Data protection: Safe Harbor – Not as safe as it used to be

On 6th October 2015 the European Court of Justice (ECJ) issued its decision on ECJ Case C-362/14 (Maximilian Schrems vs. Data Protection Commissioner) and declared the Commission's US Safe Harbour decision invalid.

The concept for “Safe Harbour” evolved in the European Union after the European Commission’s decision from 2000 (Decision 2000/520/EC), which stated that a U.S. - based companies which has completed a “Safe Harbour” self – certification procedure are considered compliant with the European requirements for personal data protection. Because of such certification the respective US companies has the right to receive personal data from European legal entities or natural persons without further restrictions, even without the need of obtaining approval by the European data protection authorities.

Following the ECJ’s decision, the member-state data protection authorities need to examine the third-countries data protection adequacy level despite the presence of decision of the European Commission.

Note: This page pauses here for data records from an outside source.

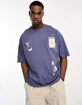 ASOS DESIGN oversized t-shirt in navy with multi placement print
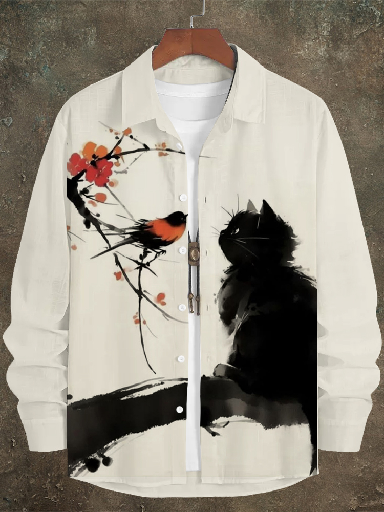 Black Cat & Bird Japanese Vintage Men's Linen Long Sleeve Shirt
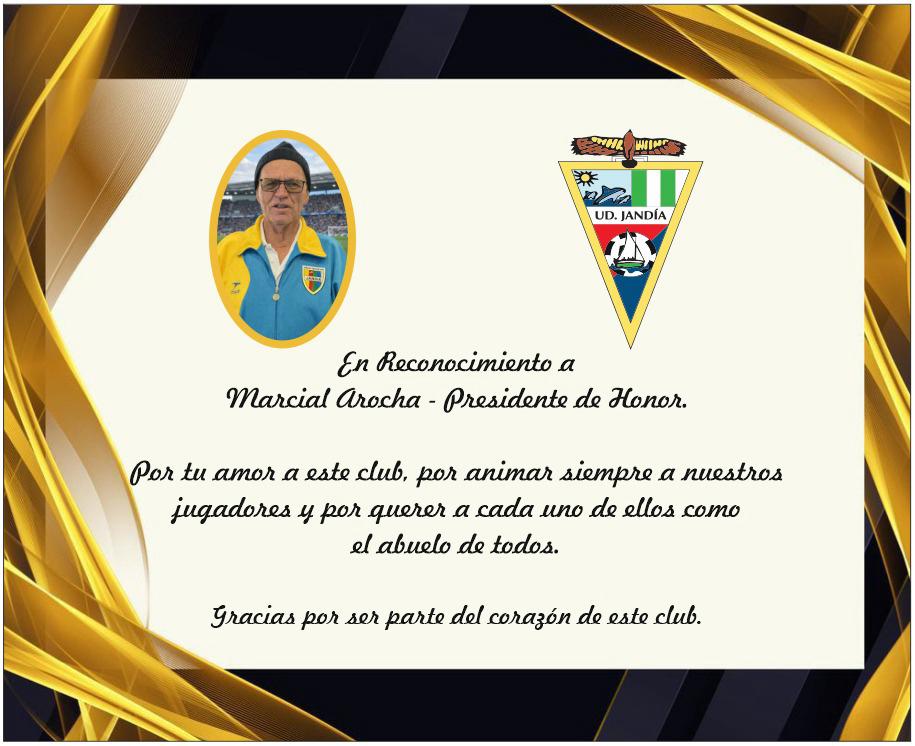 Durante el reconocimiento, el club anunció su nombramiento como Presidente de Honor de la UD Jandía. De esta forma, la entidad quiso agradecer públicamente su compromiso con el fútbol local.

Even before the European court of justice’s decision, the Standard Clauses for transfer of personal data to processors established in third countries (“Standard Clauses”), established by the European Commission were seen as the better alternative of the “Safe Harbour” approach. By virtue of European Commission’s decision as of 5 February 2010, the Standard Clauses are considered as offering adequate safeguards for the purposes of Article 26, para. 2 of Directive 95/46/EC of the Parliament and the Council.

The most recent practice of the Bulgarian Data Protection Commission is in the same direction as well. The Bulgarian regulator requires use of Standard Clauses even when the case involved companies, certified under “Safe Harbour”.